A long pause to let the gases escape up the shaft, and then John, with a few men with ropes and lights, went in, for the confined space in the shaft might now be filled with mine fumes, though we hoped that the strong northerly wind blowing into the passage from our end, combined with the draught created by the great fires burning above the trapdoor, would clear out any gas formed by the explosion. And, luckily, so it proved, for almost immediately word came back that it was safe, and the storming party was to advance at once before the enemy could close the way again.
Henga’s men poured into the passage for what Forsyth called “the last fence,” and—all my cautious resolutions thrown to the winds—I followed them with Andros at the head of the supporting column. Ahead of us shouts and cries, clang of blows, dull thud of falling bodies, and crash of stones in the shaft, and then, coming to where Wrexham’s sappers stood by the reopened barricade, we were aware of daylight above us. Stumbling over the fallen débris and the twisted forms among it, we clambered up the steep stairs, shivered and wrecked by the explosion, and climbing through the opening previously blocked by the great iron door—now shattered fragments of still-glowing metal scattered around—came out on the steep cliff-side.
In front of us—close-packed—raged a swaying, surging mêlée where Henga’s men sought to drive the Shamans up the steep road to where on the hilltop in an open space showed the low stone buildings of the chief Shaman’s palace and the living-quarters of the citadel.
Ten yards ahead of me in the mêlée that swayed now backward, now forward, in little eddies of struggling men, was John fighting with the short-handled pickaxe he had used to clear the barricade in the passage. His face was grimed like that of a miner from his own Durham pits, but his eyes were alight with lust of battle. I saw the pickhead crash into the forehead of a Shaman knifeman ere a new eddy in the battle hid him again. On either side were Forsyth’s tall figure and Henga’s great shoulders.
The extra weight of Andros’s column, now pouring out of the shaft mouth, settled the scales in our favour, and, step by step, fighting tooth and nail, the enemy were driven backward up the hill, check and sway and surge forward again over the limp forms underfoot. Behind us the town—lit by the westering sun—lay spread out like a map, and on the edge of the drop behind us—clear-cut against the sky—Andros with his standard-bearer signalling down that we had made good the entrance. Then he joined us again as the fight drove relentlessly forward up the steep slope, and with one final rush we surged into the chief Shaman’s palace in a pack of steel. Somehow my game leg got me there, though well behind the leaders: Andros with his dancing plumes; Stephnos with his keen young face and yellow locks looking like some angel of destruction; John, Henga, and Alec, with dripping blade and blood-smeared pick, smashing their way through the now wavering foe.
The last resistance died away as we swept into the low-pillared halls and out again to the back of the palace, where in front of us—hidden by yet one more wall of rock—lay the cleft of the gate and the vultures. But no trace found we of that fiend from the nether pit—the chief Shaman—as we hunted out the fleeing foe from hole and corner, from dark-shadowed room and ghostly hall, with red torch and redder steel. Spear-point and sword and reeking pickhead checked and sank as there was no more living flesh to stay their relentless way, and our grim-faced swordsmen halted to tie up wounds and get breath.
But while we stayed uncertain on the farther exit of the palace, Henga gave a loud cry and leaped forward as a man slipped from cover at a corner to bolt down a flight of stairs beyond into a gloomy passage.
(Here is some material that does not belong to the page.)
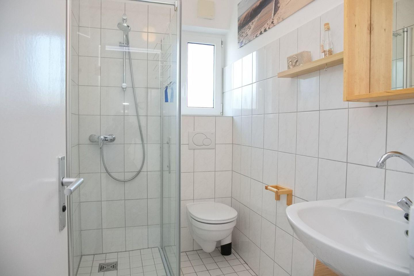 Das weiß geflieste Badezimmer hat eine ebenerdige Dusche sowie ein WC.

Just one word, “Atros,” but that was enough for me, and game leg and all I followed the flying figures, Philos, Stephnos, Payindah, and a dozen men at my heels. We raced down the stairs past screaming women, past darkened rock-cut rooms, and came out at the end upon a little platform giving upon the gorge over the gate of death.
And there we stayed, for on the very verge of the open space above the sheer void, guarded only by a ledge a few inches high, two mail-clad figures, locked together, struggled and fought above the cavernous depths below. They reeled and fell, but as we closed Henga shrieked to us to stand back. The locked figures rose again, neither willing to loose grip, and then crashed to the ground once more; but this time Henga was on top, and his fingers writhed about the Shaman’s throat.
Then, just as he had dealt with Atana, so dealt he with Atros, speaking to him slowly the while, as the man’s face worked and the sweat stood out upon his brow. And there on the sheer cliff, hundreds of feet above the vultures below, Henga exacted the last farthing of his debt. Then rising to his feet, he swung up the limp body and hurled it out into the dim gulf, leaning over to watch it spinning down, arms and legs whirling through the air. Then he turned to us grimly.
“I think such carrion would poison even the vultures. Note you he was not in the fight, but lurking in the palace while better men than he went forth to death. Atana had, at least, courage.”